A spike is a story where a developer is assigned the task of figuring out how to accomplish something. The outcome of a spike is a prototype, or roadmap for reaching a prototype. Included in the task might be to evaluate different methods of accomplishing something, do you use one database or another? Or a spike might simply be to try out something that was discussed with the greater group, seeing that a simple end-to-end implementation can be accomplished.
But that outcome is not production ready.
Some managers don’t understand this. They see a working prototype and push to have it deployed ASAP, then push for the next feature to be developed. These “rockstar” developers tend to not understand this distinction either. Which indicates, really, that they’re not quite as talented as they may think.

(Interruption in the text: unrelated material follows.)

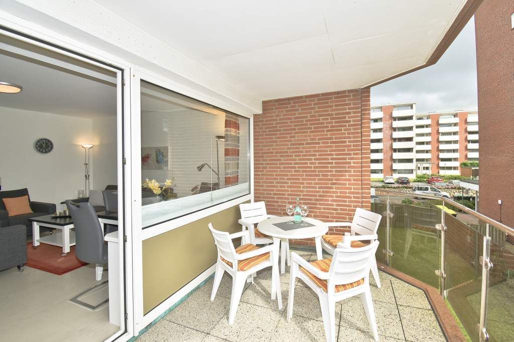 Hochwertig ausgestattete 2-Zimmer-Ferienwohnung, ca. 53 qm, Nichtraucher, in der 1. Etage für max. 4 Personen mit Südbalkon (mit Balkonmöbeln und Auflagen).

The problem with prototypes is that you won’t have tests in place, you didn’t evaluate the performance of the solution, you haven’t evaluated how secure it is. You’re not worrying about maintaining the solution over the long term.
If a rockstar developer is only focusing on spikes, essentially they get to do all the fun discovery work, without having to figure out and implement the elements of making something stable, lasting, and secure, and so many other things needed to make the solution production ready.
The problem with having one developer that does this is that they get credit from the “powers that be” that they’re accomplishing, but they’re leaving the rest of the team to do the hard work.
The rest of the team has to squeeze, in between whatever other tasks they’re doing, all of the things needed to make the “rockstar’s” code performant.
This is bad. Don’t let it happen to your team.
Know what else happens, when you let one developer do all the fun things? Because not enough time is invested in making sure the code going out is production ready, there are bugs. Which the rest of the team is saddled with.
Your team will be focused on fixing bugs and they won’t have time to develop features. Your team’s productivity will crawl to a halt. You wanted to go fast, but you’re actually just piling more work on everyone.
The rest of the team will HATE your “rockstar,” your development cycled will crawl to a halt, and your product with suck.